Of course many people want more aggressive treatment than my mother. And advance directives aren’t “death panels”; they can also be used to ensure the deployment of every tool of modern medicine. They can be changed or withdrawn at any time by a mentally competent person.
But public opinion polls consistently show that most Americans, like my mother, worry about too much rather than too little medical intervention. In a Pew Research Center poll released in 2006, only 22 percent said a doctor should always try to save a patient’s life, while 70 percent believed that patients should sometimes be allowed to die. More than half said they would tell their doctor to end treatment if they were in great pain with no hope of improvement.
Yet only 69 percent had discussed end-of-life care with a spouse; just 17 percent, or 40 percent of those over 65, had done so with their children. One-third of Americans had a living will and even fewer have taken the more legally enforceable measure of appointing a health care proxy to act on their behalf if they cannot act for themselves.

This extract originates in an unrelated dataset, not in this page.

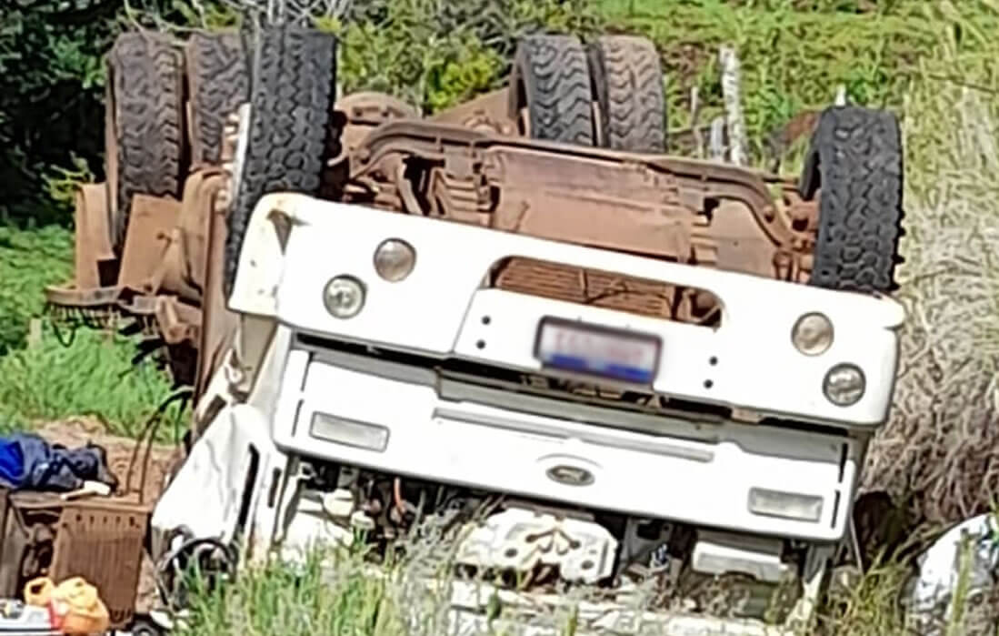 No local houve um acidente do tipo saída de pista seguido de tombamento de um caminhão leiteiro Ford Cargo, emplacado em Curitiba/PR.
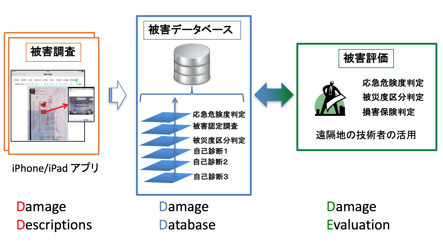 携帯情報端末(iPhone/iPad)を活用した建物被害調査システムを開発しました。このシステムは、携帯情報端末(iPhone/iPad)の建物被害調査アプリと建物被害データベースで構成されます。

The latter omission is especially disturbing because by 2030, more than 8.5 million Americans will be over 85 — an age at which roughly half will suffer from Alzheimer’s disease or some other form of irreversible dementia. For many members of the baby boom generation — more likely to be divorced and childless than their parents — there may be no legal next of kin.
Without advance directives, even a loving child may be ignorant of her parent’s wishes. My mother remained conscious and in charge of her care until just a few days before she died, but like most women over 85, she was a widow. My younger brother died of pancreatic cancer two weeks before she did. It was an immense comfort to me, at a terrible time, to have no doubts about what she wanted.
My mother drew up her directives in the 1980s, when she was a volunteer in the critical care lounge of her local hospital. She once watched, appalled, as an adult daughter threw a coffeepot at her brother for suggesting that their comatose mother’s respirator be turned off. Because the siblings could not agree and the patient had no living will, she was kept hooked up to machines for another two weeks at a cost (then) of nearly $80,000 to Medicare and $20,000 to her family — even though her doctors agreed there was no hope.
The worst imaginable horror for my mother was that she might be kept alive by expensive and painful procedures when she no longer had a functioning brain. She was equally horrified by the idea of family fights around her deathbed. “I don’t want one of you throwing a coffeepot at the other,” she told us in a half-joking, half-serious fashion.
There is a clear contradiction between the value that American society places on personal choice and Americans’ reluctance to make their own decisions, insofar as possible, about the care they will receive as death nears. Obviously, no one likes to think about sickness and death. But the politicization of end-of-life planning and its entwinement with religion-based culture wars provide extra, irrational obstacles to thinking ahead when it matters most.
As someone over 65, I do not consider it my duty to die for the convenience of society. I do consider it my duty, to myself and younger generations, to follow the example my mother set by doing everything in my power to ensure that I will never be the object of medical intervention that cannot restore my life but can only prolong a costly living death.
Susan Jacoby is the author of “Never Say Die: The Myth and Marketing of the New Old Age.”